RAW DATA |
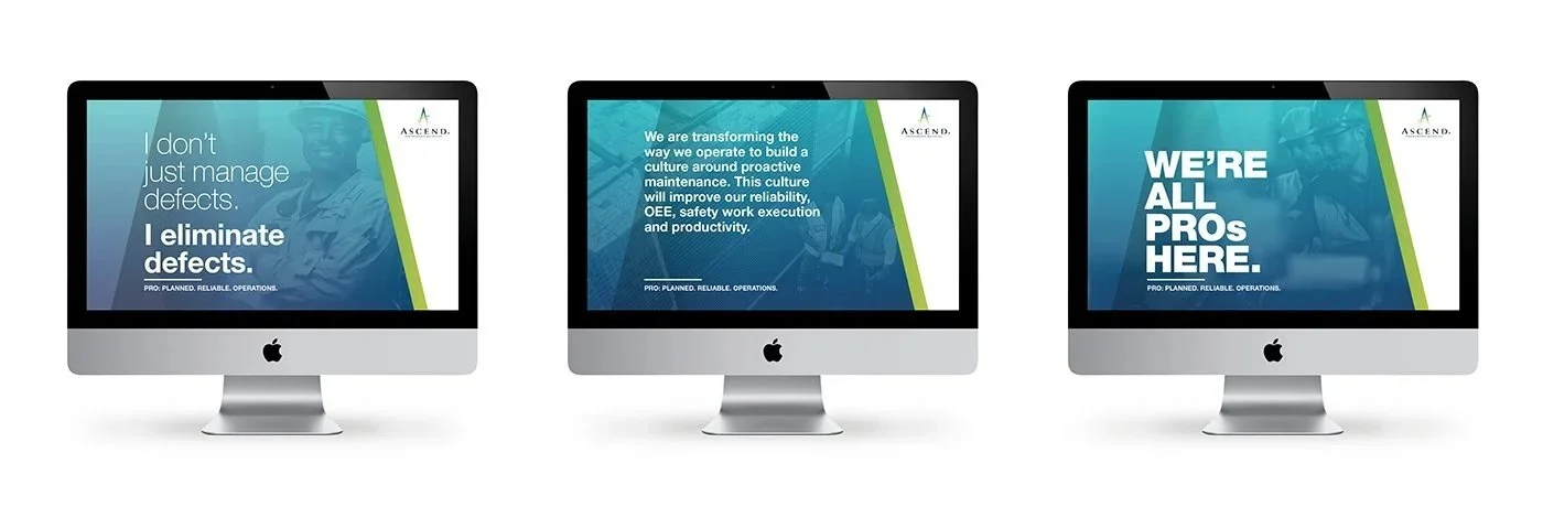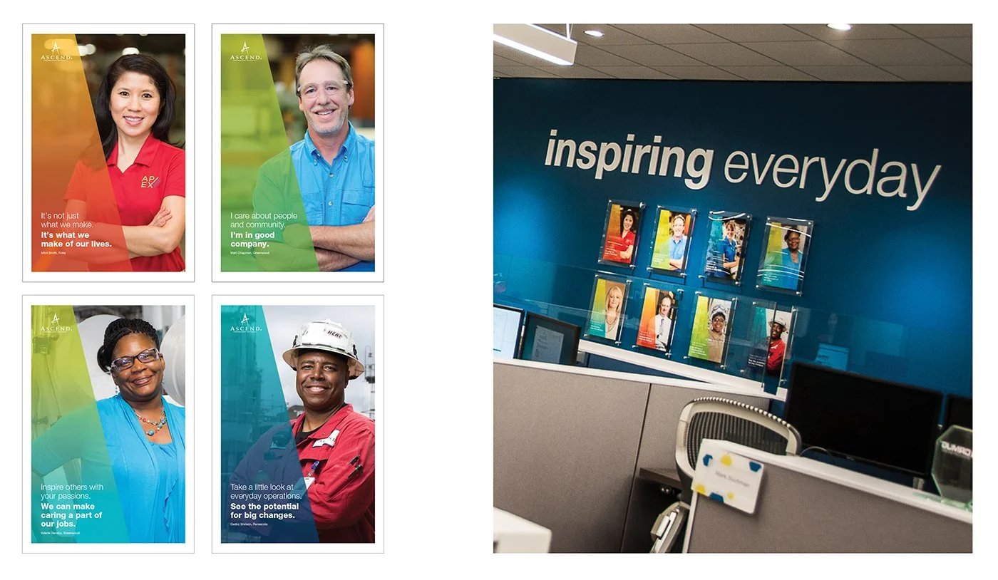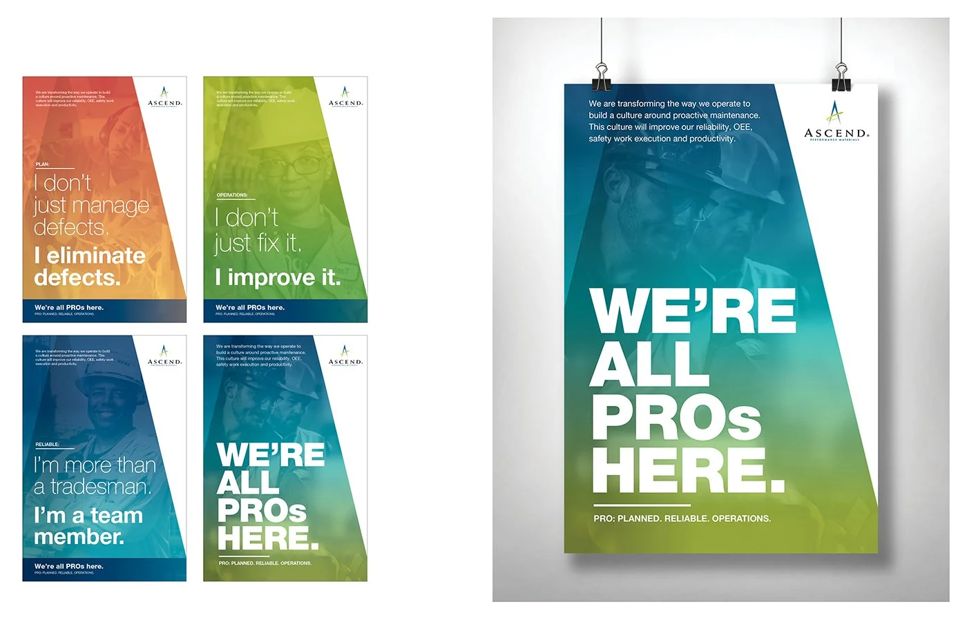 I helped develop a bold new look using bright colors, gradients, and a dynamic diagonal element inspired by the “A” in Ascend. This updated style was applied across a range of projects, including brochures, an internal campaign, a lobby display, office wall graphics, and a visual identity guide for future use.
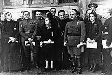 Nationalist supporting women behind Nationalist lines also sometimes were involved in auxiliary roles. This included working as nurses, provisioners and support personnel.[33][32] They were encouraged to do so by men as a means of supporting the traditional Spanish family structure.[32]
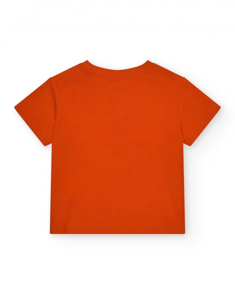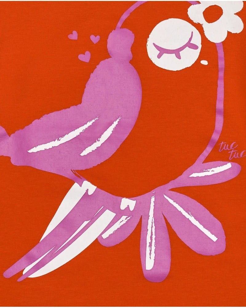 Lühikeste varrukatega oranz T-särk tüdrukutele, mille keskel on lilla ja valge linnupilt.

YOUR GOAL |
Please repeat the data above exactly as it appears, pictures excluded.

ANSWER SECTION |
 I helped develop a bold new look using bright colors, gradients, and a dynamic diagonal element inspired by the “A” in Ascend. This updated style was applied across a range of projects, including brochures, an internal campaign, a lobby display, office wall graphics, and a visual identity guide for future use.
 Nationalist supporting women behind Nationalist lines also sometimes were involved in auxiliary roles. This included working as nurses, provisioners and support personnel.[33][32] They were encouraged to do so by men as a means of supporting the traditional Spanish family structure.[32]
 Lühikeste varrukatega oranz T-särk tüdrukutele, mille keskel on lilla ja valge linnupilt.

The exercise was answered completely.